What changed my whole life, however, was when, a few months into my journey, I signed up for a 5K with my sister. I immediately downloaded the Couch to 5K plan and got to work. I initially hated running, and I cried through the first few weeks of the program. Eventually, however, I began to enjoy my runs, and before long – I was hooked! We finished our 5K September of 2013, and I’ve done two more 5Ks since. I am presently training for a 10K this September and my goal is to run a half marathon within the next year. Running became my passion and my ticket to health and fitness.
Since I started in February of 2013, I have lost 144lbs. I have gone from 3X tops and size 24 women’s pants, to small/medium tops and size 8 pants (and dropping). I had high blood pressure when I started, and now my pressure is beautiful. I run several times a week these days and am so happy I found such an awesome sport! I eat a pretty healthy diet, and I learned to control my portion sizes at long last, something I was never able to do. I’ve been incredibly lucky that, despite being a single mother, I have a wonderful support system. My friends, family and even my co-workers have all been incredibly supportive throughout this journey, and I could not have done it without them! My goal now is to pay it forward and try to help inspire other people who struggle with obesity through social media, as I was always inspired by the success stories of others. Nothing can stop me now!
1. Find an activity you enjoy – You are more likely to stick to a workout regimen if you are doing something you like.
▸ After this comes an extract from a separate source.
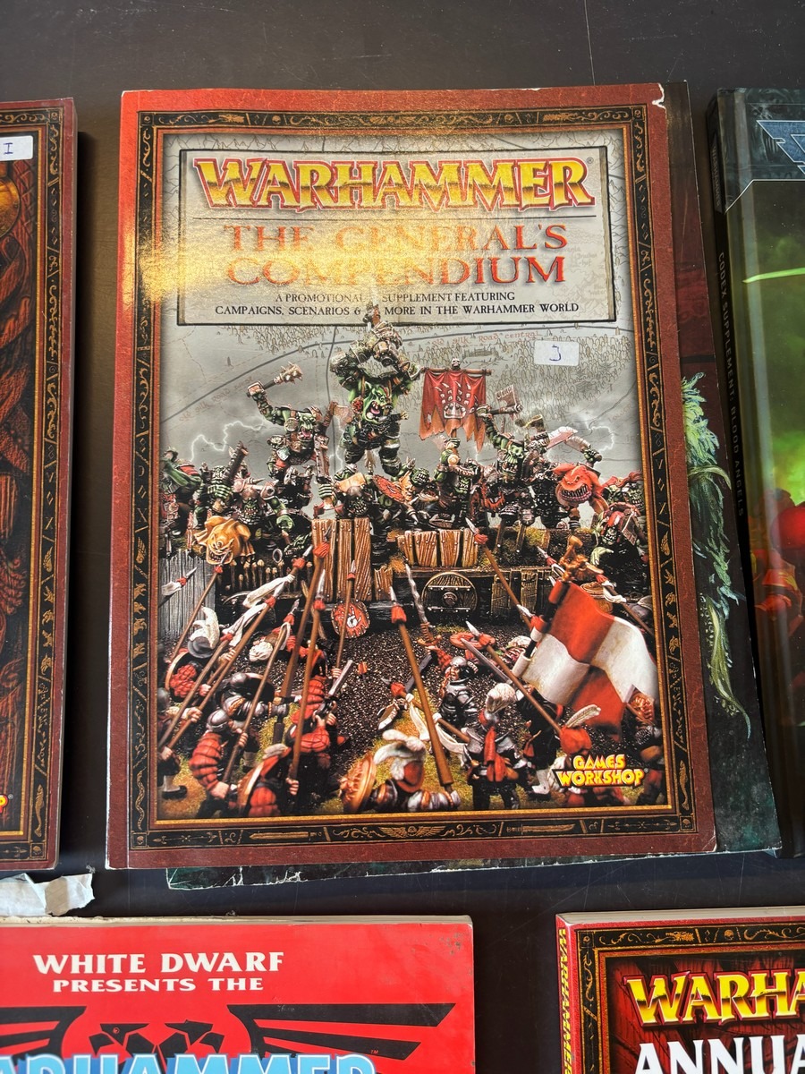 Warhammer & Warhammer 40K Lot – Chronicles, Annuals, Generals Compendium & Codex Blood Angels (5). Fra samler og har diverse brugsspor, men nogenlunde stand. Der anbefales at komme til eftersyn og bese varerne. Fra dødsbo

For me it was running, for you it may be walking, yoga, lifting, crossfit, zumba, etc. Anything that gets you off the couch with a smile is what you should be doing.
2. Don’t deprive yourself – While some people are triggered by certain foods and should thus avoid them (at least for a while), if you’re able purchase treats you love in smaller portions (like Quest Bars!), allow yourself to indulge from time to time. This can prevent binge-eating, and was one of the biggest reasons I’ve been able to be successful.
3. Use a food log – It’s very easy to underestimate what we eat in a day. I found that logging my food and keeping track of my calories showed me where I was going wrong. Having the foods written out in front of me helped to teach me about portion sizes and getting the most bang for my caloric buck.
4. Teach yourself to be positive – This was difficult for me. A lot of people that live with obesity have poor self-images and low self-esteem, so the negative takes up a lot of real estate in their minds. Learn to celebrate your accomplishments and give yourself pep-talks all the time. Maybe recite an inspiring quote to yourself when things seem particularly bad. Eventually the positive will begin to replace the negative.
5. Focus on multiple smaller goals instead of the long term goal – If you have a lot of weight to lose, that number can seem daunting and so very far away. Set smaller goals, and when you get there, reward yourself (not with food, of course). Treat yourself to a new outfit when you lose 25 lbs, for example. This breaks up the journey and makes it not seem so impossible.